Dillon's résumé has run the gamut of genres from thrillers (A Kiss Before Dying) to grand-scale biopics (Malcolm X) to romantic comedies (Mr. Wonderful) since his momentous, career-making performance in Drugstore Cowboy. He played a grunge-rockin' slacker in Cameron Crowe's Singles; a schizophrenic homeless man in The Saint of Fort Washington; and a cocky F.B.I. agent in Golden Gate. In 1996 alone he incarnated a woebegone ex-football star who can't stop cheating on his girlfriend in the ensemble flick Beautiful Girls; a sixties surfer dude with a genius for harmonics in the period piece Grace of My Heart; and yet another surly hood with a gang in tow in Kevin Spacey's Albino Alligator.

In between acting jobs, Dillon has branched out into the restaurant business.

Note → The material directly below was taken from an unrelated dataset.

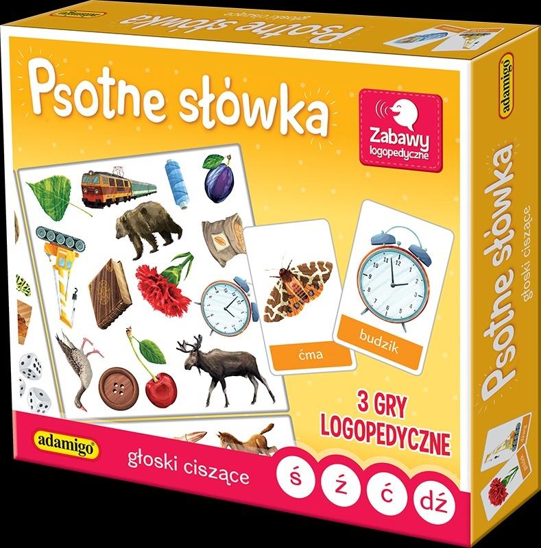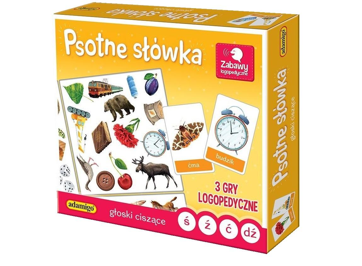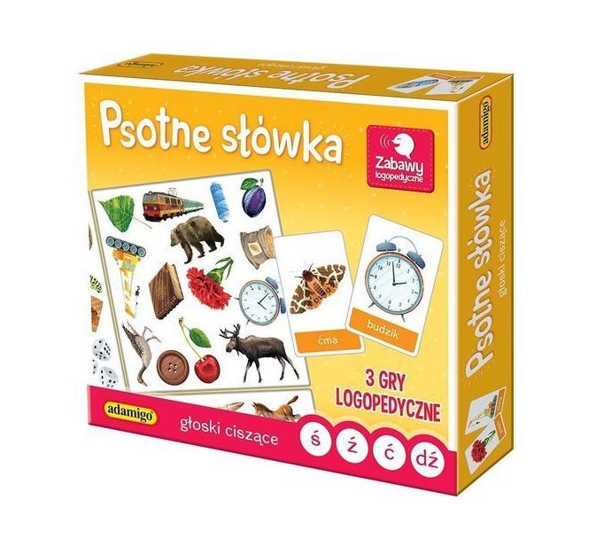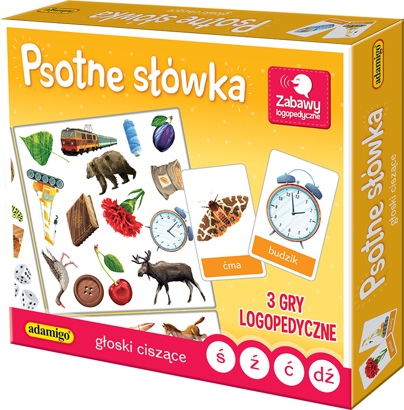 Opis produktuZasady bezpieczeństwaSeria gier PSOTNE SŁÓWKA przeznaczona jest dla wszystkich, którzy chcą doskonalić prawidłową wymowę trudnych głosek. Psotne polskie słowa często sprawiają najmłodszym wiele trudności. Dzięki grze ćwiczenia logopedyczne staną się przyjemnością. Każde dziecko wie już o tym, Słówka mogą robić psoty, Plączą język trudne słowa, Katastrofa więc gotowa. Jednak na to jest już rada, Ćwiczyć język wciąż wypada, Zagraj w grę dla przyjemności, A pokonasz te trudności! Zestaw zawiera:

Close to home in his native New York, he co-owns both a bar called the Whiskey and a swanky uptown eatery called the Falls. While he remains one of Hollywood's hunkier bachelors, Dillon has recently been stepping out with red-hot model-turned-actress Cameron Diaz, whom he first met, appropriately enough, while he was filming Beautiful Girls. Dillon will next be seen in a supporting role in the long-anticipated comedy In and Out, which arrives in theaters this September; he's wrapped a small role in The Pitch, a dark comedy along the lines of Robert Altman's The Player; and he's currently filming the thriller Wild Things, which is set for a spring of 1998 release.